20Silverado05;1050703 said:


> Got these wheels and tires off Craiglist this weekend and thru them on at work yesterday . Very pleased at the look they give the truck now.
> 
> BF Goodrich 285/75/R16 and OEM chevy wheels


well id never run mud tires, dont need them for anything, but they look sharp.. Ive always hated how chevys only had like 16s as their largest wheel on the 2500hds... mainly the reason i always looked at ford because they'd have 17s, 18s, 20s.. I know they all do the same thing, but you get this big badazz 3500 dually silverado only to have these donut looking tires on the truck.. Your larger tires on this though really set it apart, were they cheap?


----------



## 20Silverado05 (Jan 16, 2008)

Ramairfreak98ss;1050706 said:


> well id never run mud tires, dont need them for anything, but they look sharp.. Ive always hated how chevys only had like 16s as their largest wheel on the 2500hds... mainly the reason i always looked at ford because they'd have 17s, 18s, 20s.. I know they all do the same thing, but you get this big badazz 3500 dually silverado only to have these donut looking tires on the truck.. Your larger tires on this though really set it apart, were they cheap?
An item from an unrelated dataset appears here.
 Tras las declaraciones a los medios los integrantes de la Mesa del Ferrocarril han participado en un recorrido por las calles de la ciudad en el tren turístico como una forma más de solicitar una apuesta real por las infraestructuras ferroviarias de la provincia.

Yea pretty good deal $850 for everything tires, wheels, and new centercaps


----------



## cat320 (Aug 25, 2000)

yeah that is a score for all that i picked up a new tailgate and bumper for my truck for $170 never used original equipment ,plus it was stored inside nice and dry so no moisture from sitting .


----------



## Mick76 (Aug 2, 2009)

Yup, I'm a Craigslist ***** myself!......


----------



## JohnnyU (Nov 21, 2002)

Ramairfreak98ss;1050706 said:


> ve always hated how chevys only had like 16s as their largest wheel on the 2500hds... mainly the reason i always looked at ford because they'd have 17s, 18s, 20s..
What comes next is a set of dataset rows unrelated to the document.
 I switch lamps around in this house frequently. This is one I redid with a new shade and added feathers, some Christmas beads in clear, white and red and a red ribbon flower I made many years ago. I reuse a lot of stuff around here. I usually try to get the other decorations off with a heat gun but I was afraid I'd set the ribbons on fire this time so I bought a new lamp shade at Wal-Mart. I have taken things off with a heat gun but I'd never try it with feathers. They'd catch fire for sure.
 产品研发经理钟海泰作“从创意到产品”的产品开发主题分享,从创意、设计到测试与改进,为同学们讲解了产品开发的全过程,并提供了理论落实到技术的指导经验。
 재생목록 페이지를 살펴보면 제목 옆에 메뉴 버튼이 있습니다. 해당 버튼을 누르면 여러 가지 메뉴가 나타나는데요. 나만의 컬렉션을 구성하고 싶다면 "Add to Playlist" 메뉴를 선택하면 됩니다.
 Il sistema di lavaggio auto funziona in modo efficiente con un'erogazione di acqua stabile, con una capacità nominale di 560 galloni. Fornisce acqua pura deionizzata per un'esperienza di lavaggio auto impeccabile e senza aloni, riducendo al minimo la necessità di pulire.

That's the newest profound statement from you. You won't buy a certain brand of vehicle because the factory uses a certain rim size as compared to others. You know you can buy different rims for vehicles, right?


----------



## chs1993 (Nov 12, 2006)

Nice Truck ! Very well done!


----------



## mike6256 (Dec 15, 2007)

They look good!!


----------



## secret_weapon (Jan 24, 2007)

Looks good! Best looking rim GM has made I think!


----------



## GMCHD plower (Nov 27, 2009)

Nice! love they way it looks now!


----------



## mercer_me (Sep 13, 2008)

Looks great. I'm not going to lie the other wheels you had didn't look very good IMO.


----------



## DareDog (Oct 22, 2007)

sweet!! 

what do they go for new?


----------



## 20Silverado05 (Jan 16, 2008)

DareDog;1050784 said:


> sweet!!
> 
> what do they go for new?


Tire rack has them for $892 for 4


----------



## cat320 (Aug 25, 2000)

I don't think tire rack is really that cheap by the time you factor the shipping in then the install unless you have your own tire machine and balancer.


----------



## Brant'sLawnCare (Jun 29, 2007)

Looks really sweet! Should be good in snow.


----------



## joey7599 (Jun 27, 2010)

did you not like the other ones


----------



## ajman21 (Oct 30, 2009)

totaly off subject but i have never liked those truck visors on any thing i've seen but it looks good on yours


----------



## RCsLawncare (Oct 24, 2008)

NIce find! Those are the best GM wheels. The GM 2011 HD wheels are terrible.


----------



## 20Silverado05 (Jan 16, 2008)

joey7599;1051318 said:


> did you not like the other ones


I still gotthe others . But It was such a good deal i couldnt pass them up . I was looking for another set and found these so whatever , i bought them


----------